• [TASK INSTRUCTIONS]: The lines to print run from the top of the material below to the line with "ID предметов Minecraft", inclusive; please copy them exactly, without pictures.

[[ MATERIAL FOR THE TASK open ]]

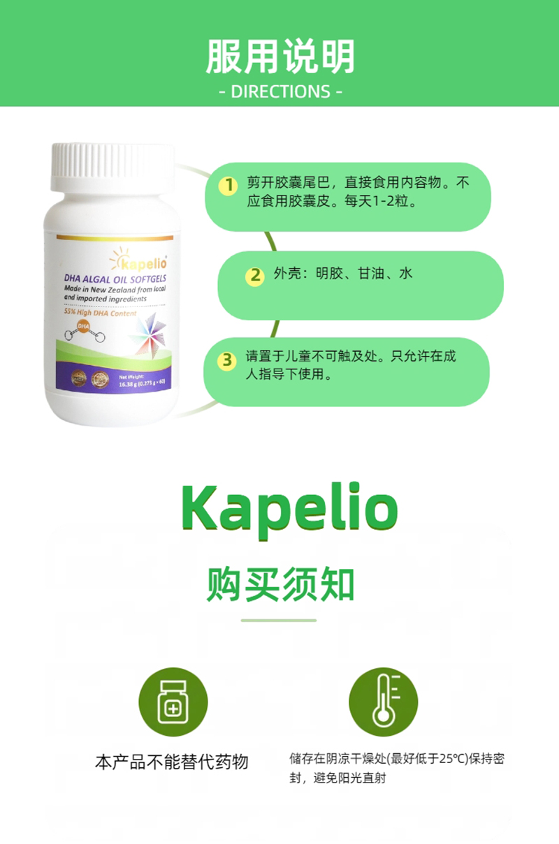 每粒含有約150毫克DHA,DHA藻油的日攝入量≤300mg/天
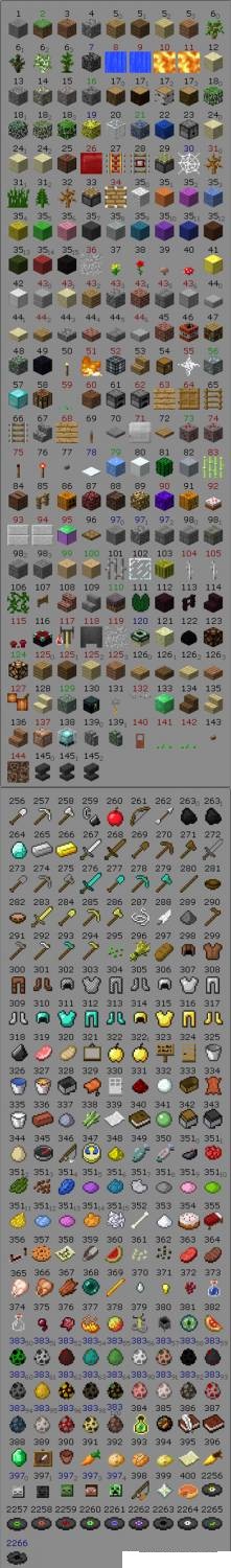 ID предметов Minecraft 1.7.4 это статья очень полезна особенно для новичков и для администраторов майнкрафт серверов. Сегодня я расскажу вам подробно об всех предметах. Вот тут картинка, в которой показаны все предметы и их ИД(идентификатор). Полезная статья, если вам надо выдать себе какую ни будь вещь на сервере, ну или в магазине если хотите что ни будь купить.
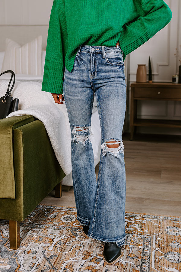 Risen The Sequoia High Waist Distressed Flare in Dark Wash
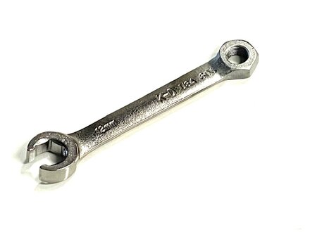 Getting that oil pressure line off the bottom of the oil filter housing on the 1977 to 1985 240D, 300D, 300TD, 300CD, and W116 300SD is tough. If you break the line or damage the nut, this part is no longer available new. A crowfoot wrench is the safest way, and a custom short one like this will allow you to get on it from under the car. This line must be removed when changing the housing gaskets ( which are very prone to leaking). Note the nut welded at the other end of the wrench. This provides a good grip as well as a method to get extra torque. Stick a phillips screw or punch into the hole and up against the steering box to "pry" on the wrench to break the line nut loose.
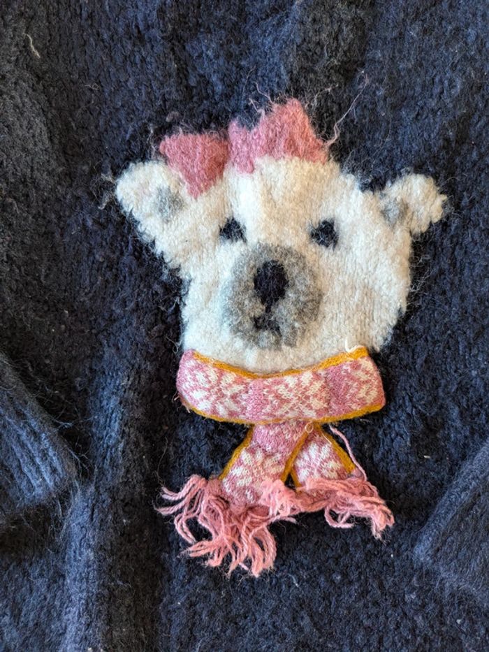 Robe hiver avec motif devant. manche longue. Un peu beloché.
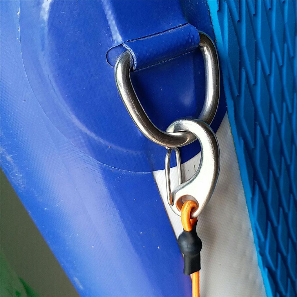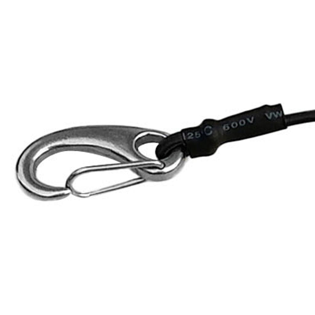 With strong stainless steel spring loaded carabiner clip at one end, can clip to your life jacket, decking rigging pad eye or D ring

[[ MATERIAL FOR THE TASK closed ]]

• [WRITTEN ANSWER]:
 每粒含有約150毫克DHA,DHA藻油的日攝入量≤300mg/天
 ID предметов Minecraft 1.7.4 это статья очень полезна особенно для новичков и для администраторов майнкрафт серверов. Сегодня я расскажу вам подробно об всех предметах. Вот тут картинка, в которой показаны все предметы и их ИД(идентификатор). Полезная статья, если вам надо выдать себе какую ни будь вещь на сервере, ну или в магазине если хотите что ни будь купить.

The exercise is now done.